Wednesday, April 7, 2010

Uncanny X-Men #523 Review

Writer: Matt Fraction
Artist: Terry Dodson
This issue was exactly what I thought it would be. An issue devoted to featuring the uninteresting hegemonic male character who all seem to be the same guy, just with different appearances and on different sides. Plus boring pencils from Dodson and Fraction doing the bare minimum to progress anything.

This issue starts with Cable and Hope on the run, robbing a store to get supplies. While this is going on, something catches Hope's eye, and it turns out to be a hairbrush set for little girls. Later on it turns out Cable got it for her, and she's touched by the gesture. I found this to be one of the effective moments in this issue because it reminds us that despite Hope being forced to act like an adult from such a young age, it's not like she's actually matured underneath it all.

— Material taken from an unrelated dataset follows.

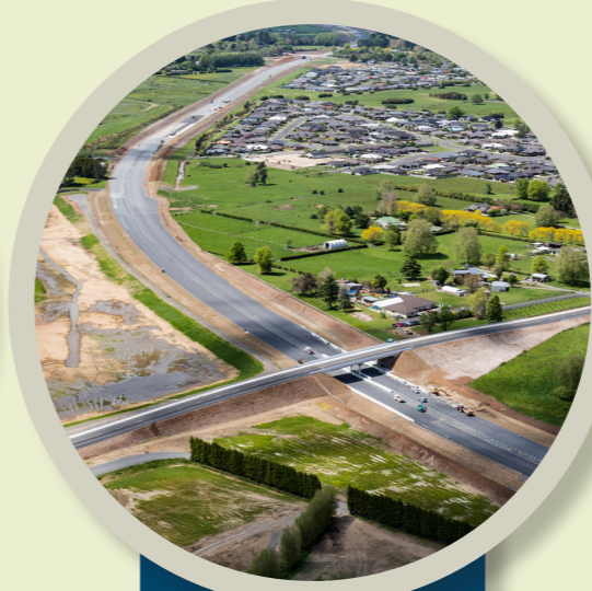
Swayne Road bridge

Then again, I found this touching because I've dealt with her and her lost childhood for two minutes. But for other Marvel reader we've had the Cable SERIES, Messiah War, A Girl Called Hope or whatever backstory, AND a one-shot. And I'd be willing to bet this character doesn't even have a real personality yet?

Back with Alpha Team, Kurt's freaking out because he needs to have a character moment in the spotlight like he hasn't had in ages. Because it wouldn't be a proper sendoff if he didn't get some extra spotlight. Kurt even considers quitting, asks Scott is X-Force is sanctioned by him, and Scott owns up. So now that two year long bellyaching over "What if the other X-Men find out?" finally is over and done with, not like I didn't see this reaction coming the MINUTE X-Force was back.

Remember what I said about him becoming like Ink?
And how his power would be used in ridiculous ways with flimsy explanations just to say he's cool now and has some real power? Legit, just because he can read languages shouldn't make him able to split his attention between a million streams of data at once.

Back in some villain place, Bastion addresses Stryker, Hodge, and some other boring villains. OF course it was some cliched speech that I didn't even pay any attention to, but whatever, here's my take on what was said: "Bahaha, hello fellow uninteresting hegemonic male villains! Our goal here is to repel readers from the X-Books with our insane levels of mediocrity and with no one ever believing us to be any real threat to the X-Men! For we are white, heterosexual male characters, the easiest to be written as completely fucking bland! Go now, BORE THE MASSES!!"

So Stryker attacks Cable and Hope's motel, they fight, yet again it's Cable's series, and X-Force arrives and that's the end. Yes, so in the end this issue was exactly as predictably mind-numbingly mundane as I thought. And Dodson was not helping. Conclusion, do not buy this issue unless you absolutely have to have all the issues of Second Coming.

And on a side note, something I forgot about one of my candidates in my poll:

This released today and it pretty much guarantees Beast living past Second Coming [CBR].
Oh and if anyone was wondering about the general opinion of the Internet on who's going to die, all signs I've seen point to Kurt. Something new I've heard recently (and you'll see it if you click the link) is that apparently there will be seven deaths? I'm not sure whether to believe that or not, but sounds better than just the one. And that's all for my blog this week, see you all next week with Chapter 3 of Second Coming.

2 comments:

FSaker said...

Did you really think Beast had any chance of dying, though? He's not even a member of the X-Men nowadays... and it would be very stupid to bring him back just to have him killed one or two issues later.

Anyway, what's your opinion on the Second Coming event so far? Did Fraction's issue ruin it or can it be the great event that Messiah CompleX was and that both Utopia and Necrosha failed to be?

Mr. Hellfire said...

Not really, it was just sort of a wild guess to add on, and were he still with the X-Men it would've fit really well considering his opposition to X-Force. But I just sort of threw him on there as a What If?

Second Coming is exactly what I thought it would be: A bunch of hegemonic male villains boring the masses and the X-Men being focused on the male characters who are particularly dull or over-used these days. I would hope that it could work itself back to being like Messiah Complex because the was one of the best crossover I've EVER read.